:: EXCERPTED RECORDS
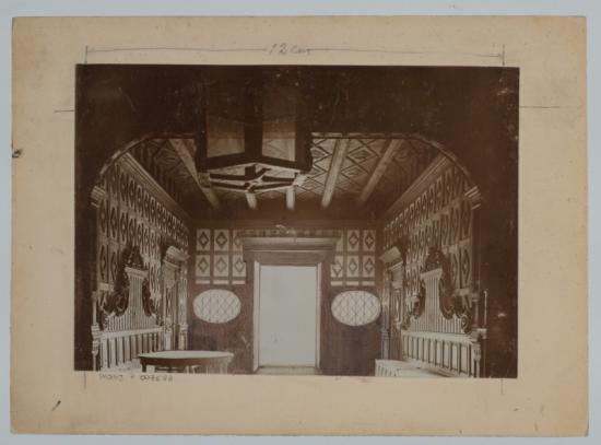 Opis fotografii:Recto kartonu: adnotacja ołówkiem [sygn.] „IHSUJ P 007608”; ołówkiem linie kadrowania i strzałki z adnotacją „12 cm”. Verso kartonu: pieczęć „Z HS UNIW. JAGIELL.”; adnotacja ołówkiem „25”; naklejona etykieta „INSTYTUT HISTORII SZTUKI / UNIWERSYTETU JAGIELLOŃSKIEGO / ARCHIWUM FOTOGRAFICZNE” wypełniona na maszynie: [Miejscowość] „Rogów”, [Powiat] „Kazimierza Wielka”, [Województwo] „kieleckie”, [Zabytek] „dwór”, [Przedmiot zdjęcia] „wnętrze sieni XVIIw.”, [Autor zdjęcia] „T. Szydłowski”. Publ.: T. Szydłowski, Dwór w Rogowie. Zabytek budownictwa drewnianego XVII wieku, Kraków 1918, il. 13.
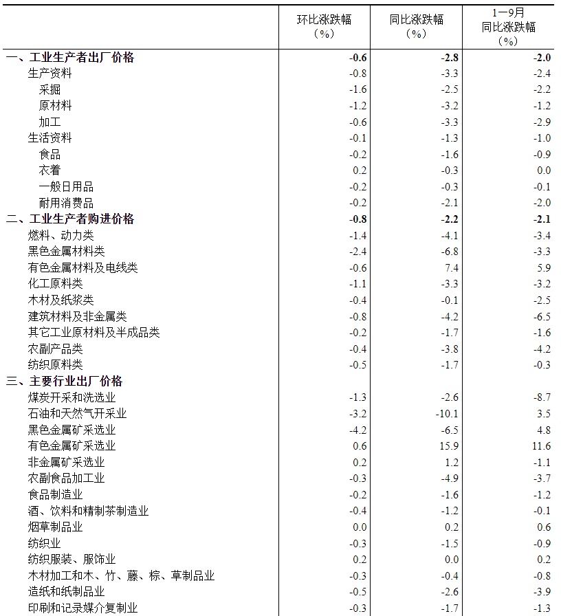 2024年9月份,全国工业生产者出厂价格同比下降2.8%,环比下降0.6%;工业生产者购进价格同比下降2.2%,环比下降0.8%。1—9月平均,工业生产者出厂价格比上年同期下降2.0%,工业生产者购进价格下降2.1%。
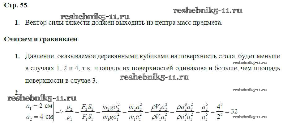 Готовая домашняя работа с ответами по Физике за 7 класс Артеменков, Белага, Воронцова, Ломаченков, Панебратцев Тетрадь-тренажер Сферы Просвещение 2016 ФГОС - Глава 5. Давление твёрдых тел, жидкостей и газов стр.55
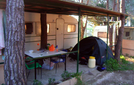 Kalnos kāpēji par mums jau parūpējušies un tāpēc varam uzreiz iekārtoties kempinga mājiņās (vecos treileros, ja pa pieticīgo) un fiksi diebt uz vietējo Super Merkato. Jau Livorno brīnijāmies, ka veikali un ēstuves nestrādā. Izrādās, ka darbalaiki ir no astoņiem līdz vieniem un no pieciem līdz astoņiem.
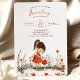 Enfermeira a alegria de crescer com o nosso "Pequeno Convite para o Primeiro Aniversário". Na frente, uma doce ilustração de uma garotinha em um vestido vermelho de poca-dot, tenra água, um jardim vibrante de flores silvestres, simbolizando o crescimento e a beleza natural. A parte de trás é enfeitada com letras brincalhonas, em tons de terra, que se misturam perfeitamente com o tema do jardim branco. O leve pano de fundo de aquarela em bege mole fornece uma canvas de calor, convidando seus convidados a celebrar a primeira jornada do florescimento da vida com a sua pequena.
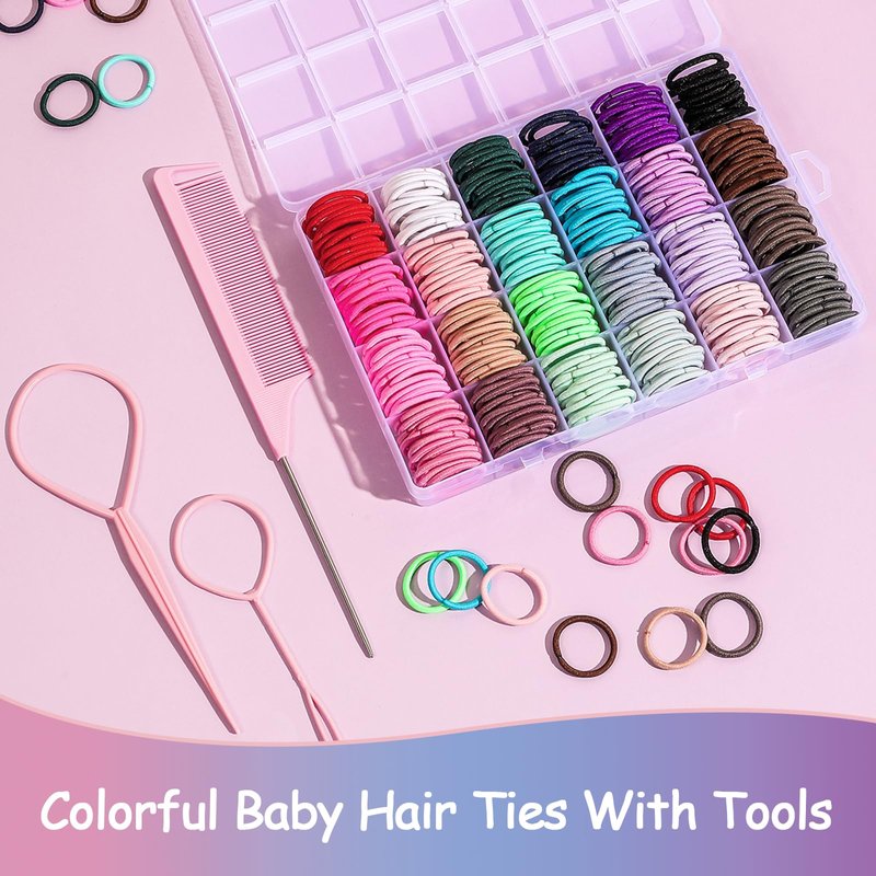 360PCS Elastic Hair Ties, Small Ponytail Holders with Clear Organizer Box, No Crease Hair Ties for Kids Girls Baby Toddle, 24 Colors Hair Ties with Hair Tail Tools, Rat Tail Comb, Kids Hair Accessory
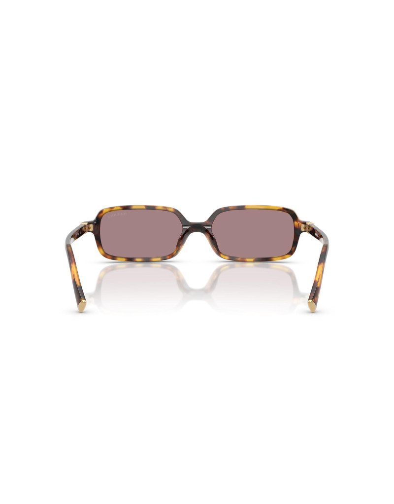 Occhiali da sole Miu Miu da donna con montatura in acetato havana miele. Un modello dalla forma rettangolare con lenti viola chiaro/marrone molto glamour per il proprio outfilt.
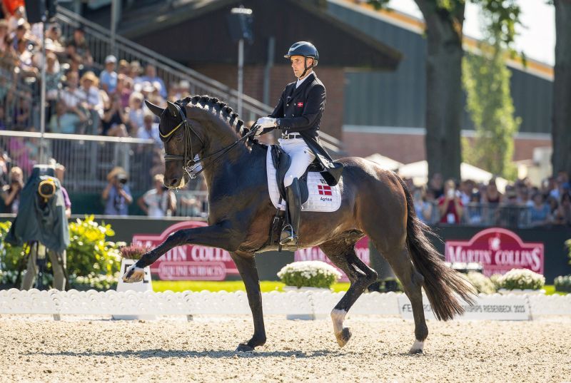 Il magnifico Jo incanta ogni giorno. Il suo talento per il dressage gli è stato trasmesso dal padre Jovian, doppio campione del mondo di dressage e vincitore internazionale di S dressage. Attivo con il posteriore, ottima capacità di raccolta, apprendimento rapido e resistenza fanno sperare in un grande futuro come cavallo da dressage! Si lascia lavorare molto bene e sicuramente potrà imparare tutto. È molto ben piazzato nella prova di dressage classe A, si mostra molto stabile e concentrato anche in gara. È estremamente facile da montare, persino dai bambini! Quasi si muove da solo al guinzaglio. L’ultima immagine mostra il padre.
::::
*WORK TO COMPLETE*.
Once the pictures are set aside, please output all the data word for word.

*EXERCISE RESULT*.
 Opis fotografii:Recto kartonu: adnotacja ołówkiem [sygn.] „IHSUJ P 007608”; ołówkiem linie kadrowania i strzałki z adnotacją „12 cm”. Verso kartonu: pieczęć „Z HS UNIW. JAGIELL.”; adnotacja ołówkiem „25”; naklejona etykieta „INSTYTUT HISTORII SZTUKI / UNIWERSYTETU JAGIELLOŃSKIEGO / ARCHIWUM FOTOGRAFICZNE” wypełniona na maszynie: [Miejscowość] „Rogów”, [Powiat] „Kazimierza Wielka”, [Województwo] „kieleckie”, [Zabytek] „dwór”, [Przedmiot zdjęcia] „wnętrze sieni XVIIw.”, [Autor zdjęcia] „T. Szydłowski”. Publ.: T. Szydłowski, Dwór w Rogowie. Zabytek budownictwa drewnianego XVII wieku, Kraków 1918, il. 13.
 2024年9月份,全国工业生产者出厂价格同比下降2.8%,环比下降0.6%;工业生产者购进价格同比下降2.2%,环比下降0.8%。1—9月平均,工业生产者出厂价格比上年同期下降2.0%,工业生产者购进价格下降2.1%。
 Готовая домашняя работа с ответами по Физике за 7 класс Артеменков, Белага, Воронцова, Ломаченков, Панебратцев Тетрадь-тренажер Сферы Просвещение 2016 ФГОС - Глава 5. Давление твёрдых тел, жидкостей и газов стр.55
 Kalnos kāpēji par mums jau parūpējušies un tāpēc varam uzreiz iekārtoties kempinga mājiņās (vecos treileros, ja pa pieticīgo) un fiksi diebt uz vietējo Super Merkato. Jau Livorno brīnijāmies, ka veikali un ēstuves nestrādā. Izrādās, ka darbalaiki ir no astoņiem līdz vieniem un no pieciem līdz astoņiem.
 Enfermeira a alegria de crescer com o nosso "Pequeno Convite para o Primeiro Aniversário". Na frente, uma doce ilustração de uma garotinha em um vestido vermelho de poca-dot, tenra água, um jardim vibrante de flores silvestres, simbolizando o crescimento e a beleza natural. A parte de trás é enfeitada com letras brincalhonas, em tons de terra, que se misturam perfeitamente com o tema do jardim branco. O leve pano de fundo de aquarela em bege mole fornece uma canvas de calor, convidando seus convidados a celebrar a primeira jornada do florescimento da vida com a sua pequena.
 360PCS Elastic Hair Ties, Small Ponytail Holders with Clear Organizer Box, No Crease Hair Ties for Kids Girls Baby Toddle, 24 Colors Hair Ties with Hair Tail Tools, Rat Tail Comb, Kids Hair Accessory
 Occhiali da sole Miu Miu da donna con montatura in acetato havana miele. Un modello dalla forma rettangolare con lenti viola chiaro/marrone molto glamour per il proprio outfilt.
 Il magnifico Jo incanta ogni giorno. Il suo talento per il dressage gli è stato trasmesso dal padre Jovian, doppio campione del mondo di dressage e vincitore internazionale di S dressage. Attivo con il posteriore, ottima capacità di raccolta, apprendimento rapido e resistenza fanno sperare in un grande futuro come cavallo da dressage! Si lascia lavorare molto bene e sicuramente potrà imparare tutto. È molto ben piazzato nella prova di dressage classe A, si mostra molto stabile e concentrato anche in gara. È estremamente facile da montare, persino dai bambini! Quasi si muove da solo al guinzaglio. L’ultima immagine mostra il padre.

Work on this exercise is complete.